The stability of each sensor value at the 75th second was analyzed by calculating the RSD, and the results of the RSD analysis are listed in Table 1. As shown in Table 1, all the RSD values are smaller than 3.52%, except the values for S2. The small RSD indicated a high stability for each sensor response.33 S2 has a broad range sensitivity and is easily influenced by small differences in sample gases. Thus, the RSD values of S2 are relatively higher than those of other sensors. According to a previous study, S2 plays an important role in distinguishing different Chinese pecan samples. Therefore, the response values of S2 were retained in the data matrix. Table 1 also presents the results of one-way ANOVA for the sensor array. The results indicated significant differences (P < 0.001) between different sample groups.
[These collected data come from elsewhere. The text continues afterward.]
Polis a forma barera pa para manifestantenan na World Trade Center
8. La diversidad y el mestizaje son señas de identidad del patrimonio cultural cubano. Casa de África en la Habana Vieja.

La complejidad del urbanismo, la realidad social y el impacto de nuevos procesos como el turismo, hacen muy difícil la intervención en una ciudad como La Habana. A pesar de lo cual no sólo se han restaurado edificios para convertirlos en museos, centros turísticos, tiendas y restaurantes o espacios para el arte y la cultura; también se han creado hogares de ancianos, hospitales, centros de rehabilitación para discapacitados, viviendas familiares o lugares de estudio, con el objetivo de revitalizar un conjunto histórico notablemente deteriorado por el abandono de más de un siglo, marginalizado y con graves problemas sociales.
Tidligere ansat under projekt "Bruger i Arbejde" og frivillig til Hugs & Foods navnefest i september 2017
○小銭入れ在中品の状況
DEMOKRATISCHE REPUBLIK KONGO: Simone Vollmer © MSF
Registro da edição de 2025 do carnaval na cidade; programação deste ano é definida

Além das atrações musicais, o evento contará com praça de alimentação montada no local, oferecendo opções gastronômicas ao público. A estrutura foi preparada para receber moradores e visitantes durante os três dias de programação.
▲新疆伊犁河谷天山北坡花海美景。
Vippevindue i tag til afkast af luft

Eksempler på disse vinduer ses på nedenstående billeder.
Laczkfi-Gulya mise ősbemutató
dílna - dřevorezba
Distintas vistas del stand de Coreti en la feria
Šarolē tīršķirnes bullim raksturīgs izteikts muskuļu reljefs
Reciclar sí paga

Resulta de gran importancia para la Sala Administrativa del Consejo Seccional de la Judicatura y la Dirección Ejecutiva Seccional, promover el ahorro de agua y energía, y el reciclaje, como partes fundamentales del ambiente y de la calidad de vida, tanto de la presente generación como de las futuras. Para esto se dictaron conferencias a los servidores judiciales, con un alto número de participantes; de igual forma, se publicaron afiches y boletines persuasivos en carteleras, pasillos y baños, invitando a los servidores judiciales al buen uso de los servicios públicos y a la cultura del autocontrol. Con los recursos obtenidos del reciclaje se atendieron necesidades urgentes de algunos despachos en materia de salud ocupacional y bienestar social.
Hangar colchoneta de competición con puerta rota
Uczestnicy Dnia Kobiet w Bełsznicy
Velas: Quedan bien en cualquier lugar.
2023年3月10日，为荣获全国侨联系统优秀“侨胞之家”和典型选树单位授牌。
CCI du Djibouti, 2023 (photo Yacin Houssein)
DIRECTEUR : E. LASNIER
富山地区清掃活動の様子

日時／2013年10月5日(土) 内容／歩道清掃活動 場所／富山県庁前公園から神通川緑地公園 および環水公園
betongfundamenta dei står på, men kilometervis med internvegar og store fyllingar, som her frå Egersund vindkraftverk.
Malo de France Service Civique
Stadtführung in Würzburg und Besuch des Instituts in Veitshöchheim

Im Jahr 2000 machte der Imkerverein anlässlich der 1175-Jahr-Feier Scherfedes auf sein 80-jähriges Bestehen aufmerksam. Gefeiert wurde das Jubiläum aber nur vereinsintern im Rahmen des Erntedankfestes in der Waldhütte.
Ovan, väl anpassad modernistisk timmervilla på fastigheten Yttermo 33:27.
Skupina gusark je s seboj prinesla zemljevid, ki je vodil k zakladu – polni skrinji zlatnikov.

No. | Day 0 (%) | Day 5 (%) | Day 10 (%) | Day 15 (%) | Day 20 (%) | One-way ANOVA | |
---|---|---|---|---|---|---|---|
F | P | ||||||
a Fifteen samples of each group were tested, the RSD of sensor values demonstrated high stability of the test. Significance (p < 0.001) obtained from one-way ANOVA of sensor values measured for 75 samples in total. S1–S10, respectively, represent W1C, W5S, W3C, W6S, W5C, W1S, W1W, W2S, W2W, and W3S sensors. | |||||||
S1 | 3.52 | 2.56 | 3.04 | 3.32 | 1.72 | 6.34 | <0.001 |
S2 | 11.97 | 9.85 | 10.27 | 12.96 | 15.94 | 7.44 | <0.001 |
S3 | 2.78 | 1.76 | 2.07 | 2.55 | 1.26 | 14.77 | <0.001 |
S4 | 0.22 | 0.46 | 1.75 | 0.43 | 0.90 | 70.03 | <0.001 |
S5 | 2.75 | 1.91 | 2.19 | 2.57 | 1.37 | 11.03 | <0.001 |
S6 | 2.32 | 1.93 | 1.38 | 1.20 | 1.24 | 168.64 | <0.001 |
S7 | 1.91 | 1.84 | 2.09 | 1.30 | 1.27 | 11.66 | <0.001 |
S8 | 1.88 | 1.94 | 1.53 | 0.95 | 2.37 | 234.36 | <0.001 |
S9 | 2.99 | 1.51 | 1.91 | 1.81 | 1.39 | 69.46 | <0.001 |
S10 | 0.42 | 1.24 | 1.29 | 0.80 | 1.37 | 283.65 | <0.001 |
Fatty acids | Day 0 | Day 5 | Day 10 | Day 15 | Day 20 |
---|---|---|---|---|---|
a Values are expressed as mean (n = 3) ± SD. Means in the same row followed by different inline letters (a, b, c, d, and e) are statistically different according to the Tukey's HSD test (P < 0.05). | |||||
Oleic acid | 340.44 ± 9.93a | 325.10 ± 9.12a,b | 320.08 ± 13.89a,b | 301.60 ± 14.68b,c | 282.27 ± 9.48b,c |
Linoleic acid | 99.68 ± 2.78a | 94.86 ± 3.99a,b | 90.77 ± 5.25a,b | 87.57 ± 4.49b | 85.44 ± 2.86b |
Palmitoleic acid | 6.72 ± 0.19a | 6.01 ± 0.06b | 5.72 ± 0.14b | 5.28 ± 0.04c | 5.06 ± 0.07c |
Linolenic acid | 11.25 ± 0.26a | 10.21 ± 0.33b | 9.81 ± 0.19b | 9.73 ± 0.16b | 9.02 ± 0.12c |
Palmitic acid | 51.22 ± 0.27a | 48.65 ± 0.34b | 47.37 ± 0.56c | 44.91 ± 0.23d | 42.69 ± 0.20e |
Stearic acid | 22.91 ± 0.22a | 21.18 ± 0.38b | 19.80 ± 0.43c | 19.47 ± 0.27c | 18.67 ± 0.27d |
In this study, the influence of storage time on fatty acid profiles was explored by determining the precise contents of fatty acids. As shown in Table 2, it could be concluded that all the six fatty acid contents exhibited a decreasing trend during storage. According to the results, oleic acid became most abundant (340.44–282.27 g kg−1) as the storage time increased, followed by, in decreasing order of abundance, linoleic acid (99.68–85.44 g kg−1), palmitic acid (51.22–42.69 g kg−1), stearic acid (22.91–18.67 g kg−1), linolenic acid (11.25–9.02 g kg−1), and palmitoleic acid (6.72–5.06 g kg−1). With regard to the values for day 0, storage under the simulated conditions caused a significant reduction in the content of individual fatty acids. Specifically, palmitoleic acid showed the highest decrease (24.7%) followed by, in the decreasing order, linolenic acid (19.8%), stearic acid (18.5%), oleic acid (17.1%), palmitic acid (16.7%), and linoleic acid (14.3%) after 20-d storage.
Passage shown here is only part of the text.